*PROBLEM REQUIREMENTS:* Copy nothing but the lines below running from the line containing "Αυτός ο στιλάτος" through the line containing "創(chuàng)可貼的創(chuàng", both end lines included.

*INFORMATION SUPPLIED:*
^^^^

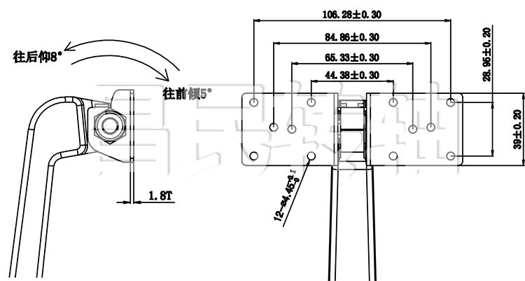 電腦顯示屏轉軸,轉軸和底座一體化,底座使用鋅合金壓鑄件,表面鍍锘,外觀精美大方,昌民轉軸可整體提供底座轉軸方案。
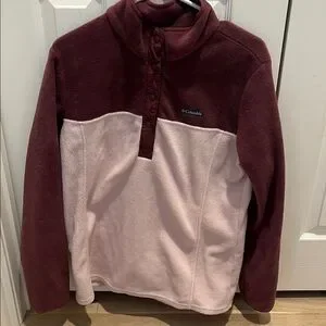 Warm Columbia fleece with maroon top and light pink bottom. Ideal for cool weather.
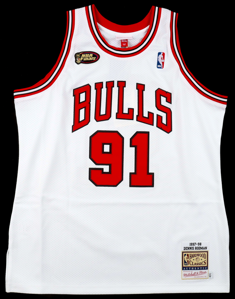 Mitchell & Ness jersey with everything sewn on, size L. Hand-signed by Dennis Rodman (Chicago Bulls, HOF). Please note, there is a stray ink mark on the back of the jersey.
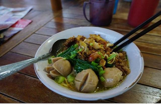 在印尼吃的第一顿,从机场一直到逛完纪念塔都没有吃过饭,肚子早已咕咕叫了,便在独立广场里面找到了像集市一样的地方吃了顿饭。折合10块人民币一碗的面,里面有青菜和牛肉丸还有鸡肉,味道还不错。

^^^^

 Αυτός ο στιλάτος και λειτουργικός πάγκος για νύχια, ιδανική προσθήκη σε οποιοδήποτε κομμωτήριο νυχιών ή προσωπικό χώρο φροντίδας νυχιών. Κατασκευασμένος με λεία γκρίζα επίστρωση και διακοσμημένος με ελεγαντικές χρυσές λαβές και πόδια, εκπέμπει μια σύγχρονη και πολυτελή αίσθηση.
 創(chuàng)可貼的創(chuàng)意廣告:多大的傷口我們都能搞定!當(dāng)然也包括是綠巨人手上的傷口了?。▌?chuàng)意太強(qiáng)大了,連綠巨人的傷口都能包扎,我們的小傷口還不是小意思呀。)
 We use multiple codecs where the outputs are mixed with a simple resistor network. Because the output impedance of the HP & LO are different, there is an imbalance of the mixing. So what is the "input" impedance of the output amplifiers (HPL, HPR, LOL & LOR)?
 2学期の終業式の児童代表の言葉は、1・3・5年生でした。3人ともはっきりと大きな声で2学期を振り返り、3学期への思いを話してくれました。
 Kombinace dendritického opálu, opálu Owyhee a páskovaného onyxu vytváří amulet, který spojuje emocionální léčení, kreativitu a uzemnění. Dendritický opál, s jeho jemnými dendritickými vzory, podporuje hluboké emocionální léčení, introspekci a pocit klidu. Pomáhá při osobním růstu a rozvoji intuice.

^^^^

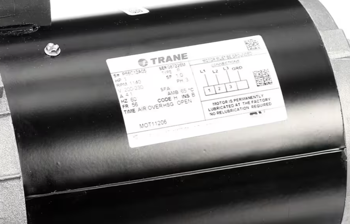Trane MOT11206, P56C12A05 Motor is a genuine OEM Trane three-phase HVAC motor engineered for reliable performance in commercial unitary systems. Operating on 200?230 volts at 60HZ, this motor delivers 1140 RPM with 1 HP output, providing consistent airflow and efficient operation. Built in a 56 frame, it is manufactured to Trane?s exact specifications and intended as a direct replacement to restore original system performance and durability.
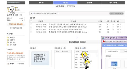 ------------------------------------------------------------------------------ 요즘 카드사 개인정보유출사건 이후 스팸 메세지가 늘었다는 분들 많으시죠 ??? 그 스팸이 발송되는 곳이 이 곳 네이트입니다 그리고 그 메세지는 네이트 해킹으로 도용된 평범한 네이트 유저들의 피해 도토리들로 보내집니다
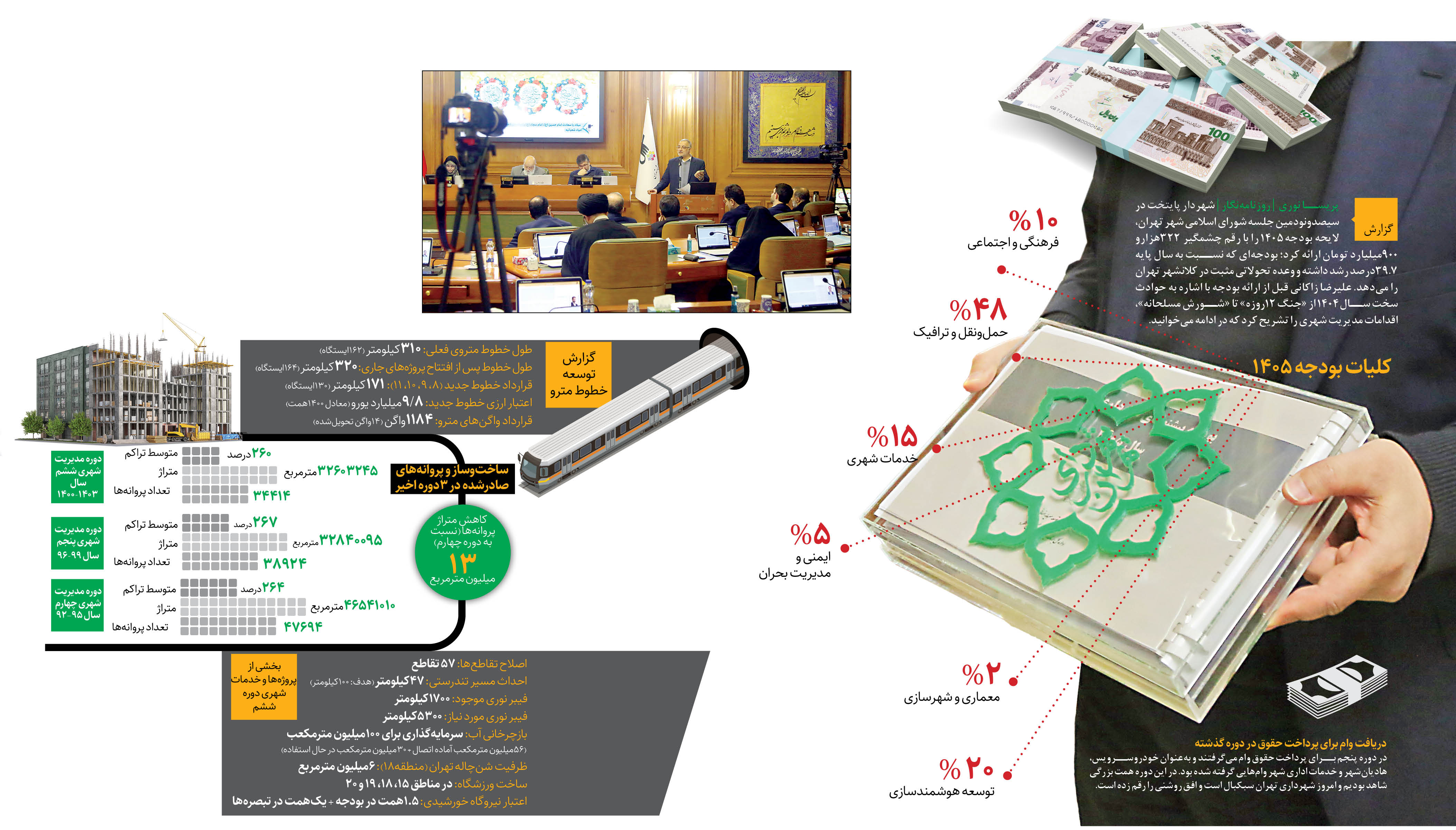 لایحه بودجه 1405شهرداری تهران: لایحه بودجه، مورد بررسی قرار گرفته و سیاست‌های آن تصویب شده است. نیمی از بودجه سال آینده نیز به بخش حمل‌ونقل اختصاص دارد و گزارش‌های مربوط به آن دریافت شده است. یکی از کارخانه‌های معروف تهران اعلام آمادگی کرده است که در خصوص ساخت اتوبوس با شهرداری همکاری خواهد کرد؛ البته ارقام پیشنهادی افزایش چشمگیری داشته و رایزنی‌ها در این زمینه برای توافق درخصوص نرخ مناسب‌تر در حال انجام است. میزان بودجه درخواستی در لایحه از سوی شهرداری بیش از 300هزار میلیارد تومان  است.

^^^^

*OUTPUT BELOW:*
 Αυτός ο στιλάτος και λειτουργικός πάγκος για νύχια, ιδανική προσθήκη σε οποιοδήποτε κομμωτήριο νυχιών ή προσωπικό χώρο φροντίδας νυχιών. Κατασκευασμένος με λεία γκρίζα επίστρωση και διακοσμημένος με ελεγαντικές χρυσές λαβές και πόδια, εκπέμπει μια σύγχρονη και πολυτελή αίσθηση.
 創(chuàng)可貼的創(chuàng)意廣告:多大的傷口我們都能搞定!當(dāng)然也包括是綠巨人手上的傷口了?。▌?chuàng)意太強(qiáng)大了,連綠巨人的傷口都能包扎,我們的小傷口還不是小意思呀。)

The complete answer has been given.